Now, she says, McMahan plans to leave the country altogether because the publication of ¨Daddy´s Girl¨ embarrassed him from Wall Street to Fisher Island.
Former McMahan Securities executive Michael Shillan, who recently won an arbitration case against McMahan for back pay, says Elena is right about McMahan´s business suffering after his affair with Linda went public.
¨I don´t know if anyone really understands all of his businesses,¨ Shillan says. ¨I have a pretty good sense of what he is worth. When I left, he had about a $200 million to $250 million net worth.¨ But Shillan believes that the hedge fund McMahan manages has shrunk from about $4 billion to half that, in part because of the story and also because, at about the same time, the convertible securities market took a hit. Also in September, the hedge fund called Amaranth Advisors LLC dropped to $3 billion from $9 billion in one week because of its heavy investment in natural gas futures.

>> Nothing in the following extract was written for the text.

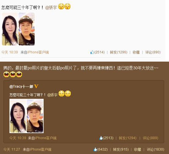 5日是兩人戀愛30年的紀(jì)念日,蕭十一郎在微博分享了二人的“合照”,相似表情和角度很逗趣。她說:“怎么可能三十年了?!”張宇隨后也轉(zhuǎn)發(fā)妻子的微博,驚訝的說,“最討厭po照片的皇太后(指蕭十一郎)都po照片了,就不要再嫌?xùn)|嫌西!這已經(jīng)是30年大放送”,稱老婆為“皇太后”。盡管網(wǎng)友笑稱是“妻管嚴(yán)”,但也在微博發(fā)起“有一種愛情叫張宇十一郎”話題,紛紛表示祝福。(中國臺灣網(wǎng) 何建峰)

¨Let´s face it, after your story came out and it was reprinted in quite a few places, that´s really not the kind of guy you want managing your money,¨ Shillan says.
¨My personal experience is once you get on Bruce´s bad side, he tends to never forgive and forget, even when he´s wrong,¨ says Shillan, who was once close to McMahan.
But Elena believes there is one person McMahan could forgive -- Linda. She mentions the photograph of Linda that her father keeps in a gold frame at the Pelham estate.